‘US government documents admit that the atomic bombing of Hiroshima and Nagasaki was not necessary to end WWII. Japan was on the verge of surrendering. The nuclear attack was the first strike in Washington’s Cold War on the Soviet Union. Ben Norton reviews the historical record.’
The Japanese Empire was killing a lot of civilians. Chinese civilians, Burmese civilians, Vietnamese civilians. Explain to me why their lives shouldn’t be considered important?
Explain to me how murdering a bunch of Japanese grandparents, children, babies, and non-combatant adults does anything to remedy that.
By that logic, it’s A-OK for Iraq to come murder everyone in NYC and for Afghanistan to kill the entire state of Wyoming.
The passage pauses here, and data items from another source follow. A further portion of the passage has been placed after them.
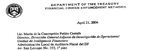 Parte superior del documento enviado por el Departamento del Tesoro a autoridades mexicanas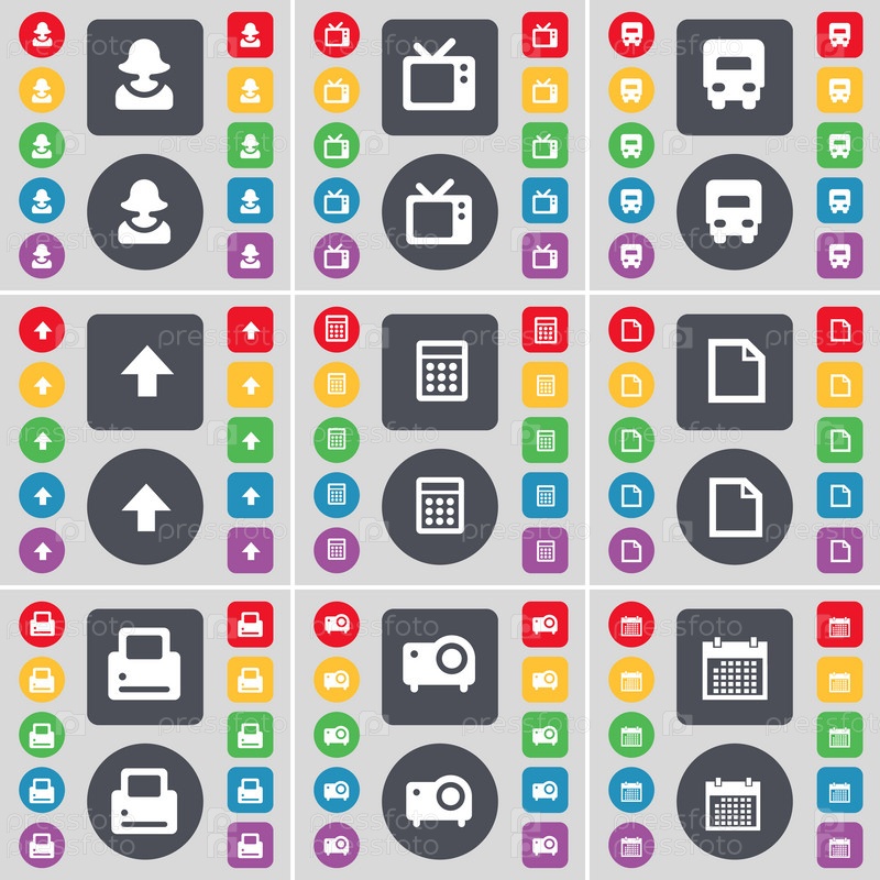 Аватар, Ретро ТВ, грузовик, стрелка вверх, калькулятор, файл, принтер, символ значок календаря. Большой набор плоских, цветные кнопки для вашего дизайна. Вектор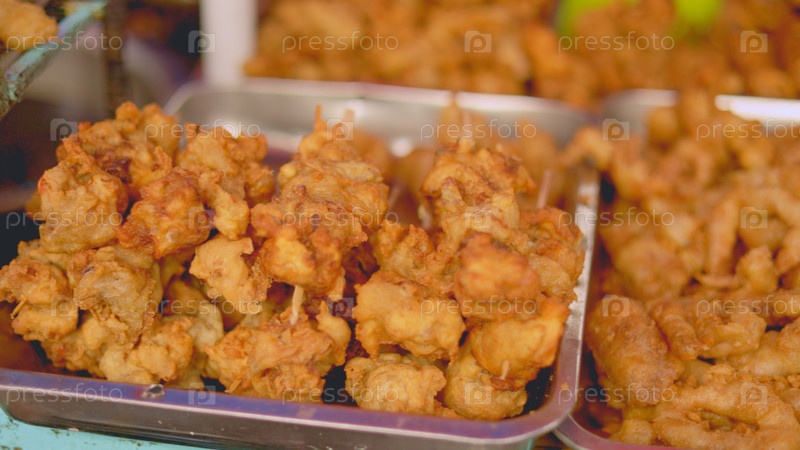 Хрустящие куриные укусы, продавец, представляющий свежеприготовленную попкорн-курицу, крупный план хрустящей попкорн-курицы, подаваемой клиентам, восхитительно хрустящая попкорн-куриная закуска, подаваемая горячей для жадных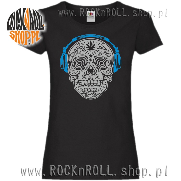 Damski wygodny t-shirt z charakterystycznym nadrukiem rewelacyjnie zdobionej czachy w słuchawkach.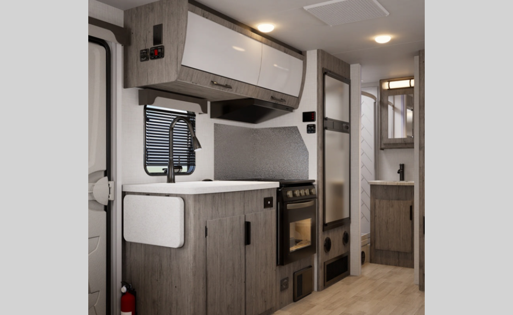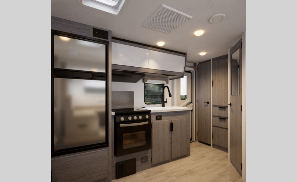 Each model is constructed with thermopane Euro windows, a molded fiberglass front cap, and Azdel interior panel walls for durability. There is Lite-Ply cabinet construction inside, along with Surf-X suedo solid surface lightweight countertops and tables, decorative backsplash, and many more interior comforts. Outside, the Keyed-Alike storage compartment doors will keep your gear secure and the exterior wash station will make it easy to wash off camp gear.
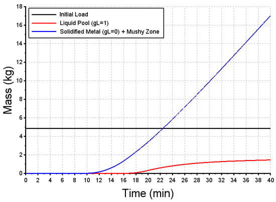 Predicted mass of the initial load (in black), of the liquid pool (in red) and of the solidified metal including the mushy zone (in blue) vs time. “power+” case.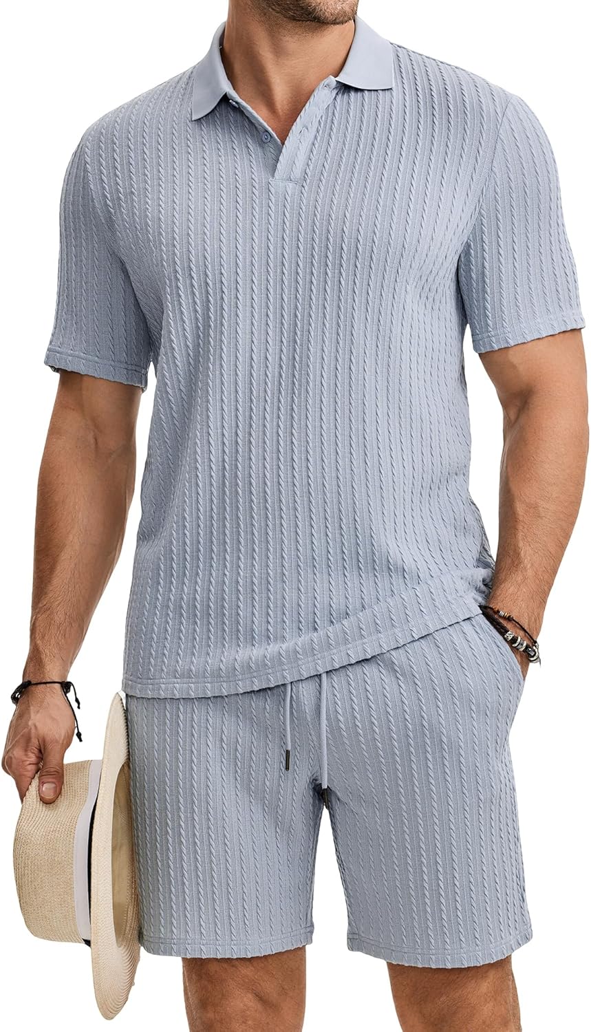 JMIERR Men's Summer Beach Outfits 2 Piece Jacquard Knit Lounge Short Sleeve Shirts & Shorts Vacation Texture Sets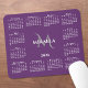 Alfombrilla De Ratón 2026 Calendar Chic Monogram Name on Purple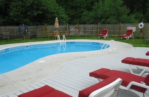 Private stylish cabin. Expanded and newly Renovated. AC WiFi. Fireplace. Heating System. Full Kitchen, and bathroom with shower. Cable TV. In ground Pool shared by 5 other cabins. All new Furniture and new Queen Bed. Mill Creek neighbors the property for Trout fishing. Minutes to great skiing at Gore Mt. Minutes to Lake George and minutes to other Lakes, and Whitewater rafting and hiking.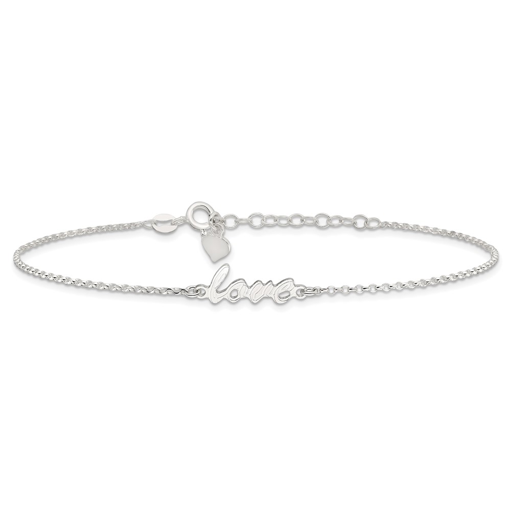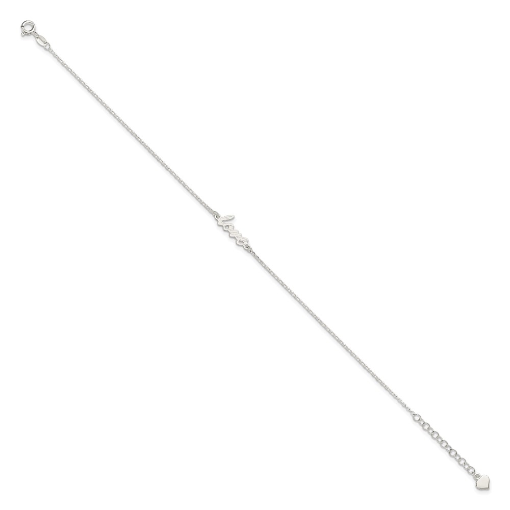 Sterling Silver LOVE Script 9 inch Plus 1 inch Extender - Total 10 inch Anklet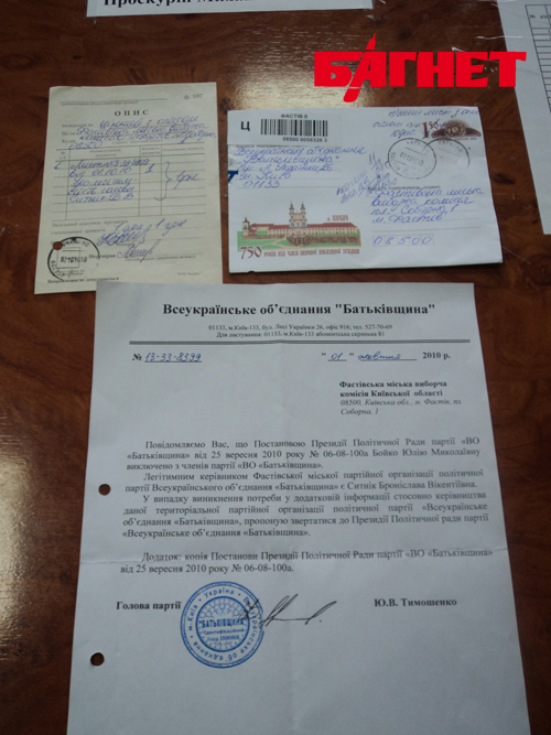 «Когда мы получили это письмо, то очень удивились – на конверте написан киевский адрес, а внутри вложен листок-опись, на котором стоит печать и четко видно, что написано «Фастов». Они тут за углом письма от Тимошенко сочиняют?», - удивляется Чумаченко.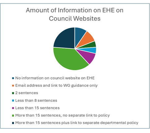 No information page on EHE could be found on the websites of two LAs, two had simply an email address and links to WG guidance, another had two sentences and address/phone number, another had seven sentences. None of the LAs with minimal information gave links to local policy as a separate document. Thus, it is extremely difficult to gain any impression of the understanding of these councils from the information in the public domain on their websites.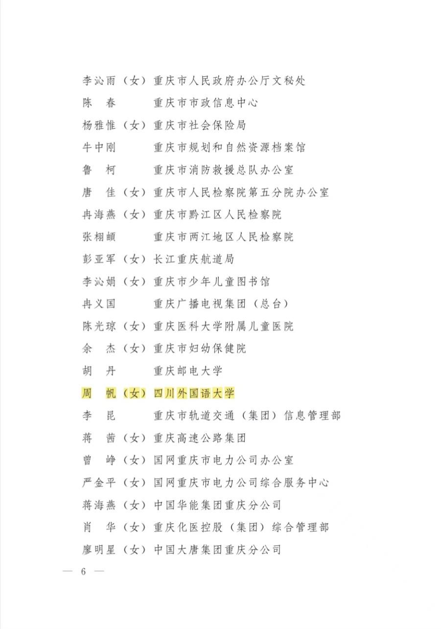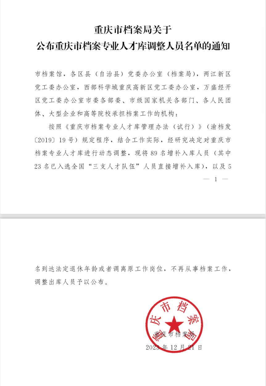 近日,重庆市档案局发布了《重庆市档案局关于公布重庆市档案专业人才库调整人员名单的通知》(渝档发〔2023〕20号),我校图书馆(档案馆)周帆同志入选“重庆市档案专业人才”。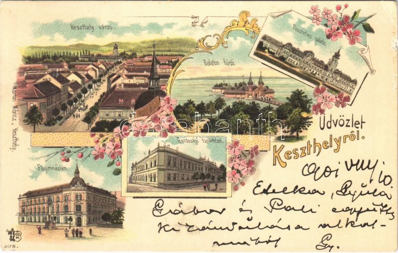 Description: 1901 Keszthely, főgimnázium, Fő utca, Balaton fürdő, Gazdasági tanintézet, Gróf Festetics palota. Marton Móricz kiadása, Ottmar Zieher floral Art Nouveau litho (EK)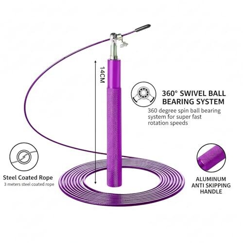 - 360° swivel ball bearing system ensures tangle-free operation and consistent double unders.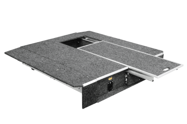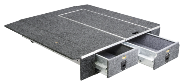 Het ladekastsysteem is aan bovenzijde over de gehele breedte en lengte van de laadbak vlak afgewerkt, waardoor u een strakke, optimaal te benutten laadruimte heeft. U heeft hierbij geen verlies door de wielkasten, omdat de ontstane ruimtes voorzien zijn van uitneembare panelen aan bovenzijde. In deze ruimtes kunt u bijvoorbeeld vaste accesoires als een compressor, omvormer of boordaccu kwijt, of bijvoorbeeld losse spullen die u minder vaak nodig heeft. Bij de Extra cab zit er aan voorzijde in de laadbak een extra ruimte met uitneembaar panelen, vanwege de langere laadbaklengte.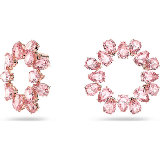 Orecchini a cerchio Millenia, cristalli taglio goccia, rosa, placcatura in lega oro rosa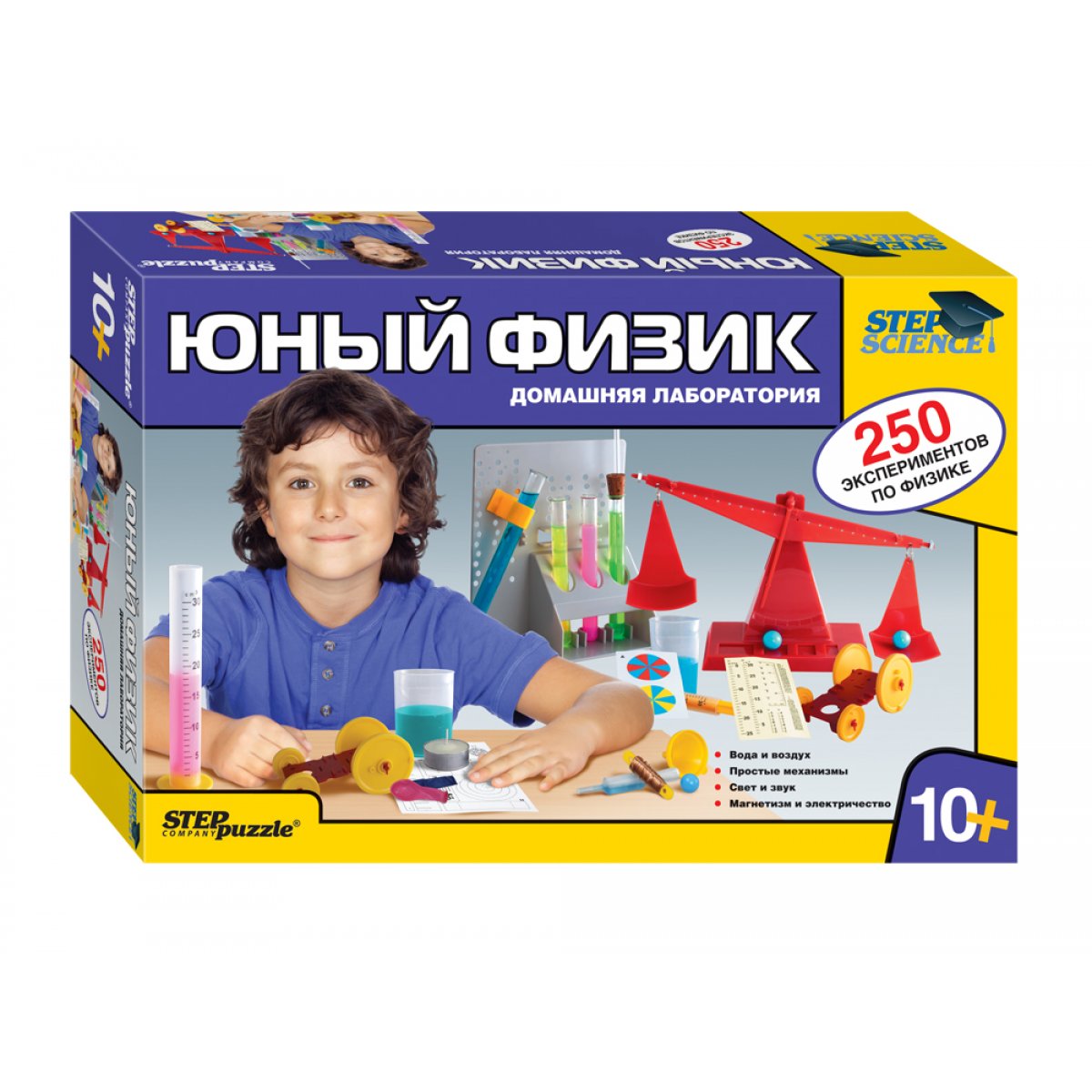Юный физик – это домашняя лаборатория, где есть все необходимое оборудование для проведения более чем 250 экспериментов по физике. Проводя опыты, юный естествоиспытатель узнает: о воде и воздухе; простых механизмах; свете и звуке; магнетизме и электричестве.

To repeat something that I wrote a dozen days ago, it is good to see somebody acknowledging some of the Empire of Japan’s violence against civilians, but two wrongs don’t make a right. Most of the victims of the bombings were civilians who had no direct involvement in their government’s atrocities, and we’ve seen from the Axis’s reprisals how counterproductive it was to use the local civilians as whipping boys, so punishing them for ‘their’ military’s atrocities is not only grossly unfair but wasteful.
That said, I should get around to talking more about the Eastern Axis’s atrocities against other Asians. I already talked about the famines in Java and Vietnam, but that is far from enough.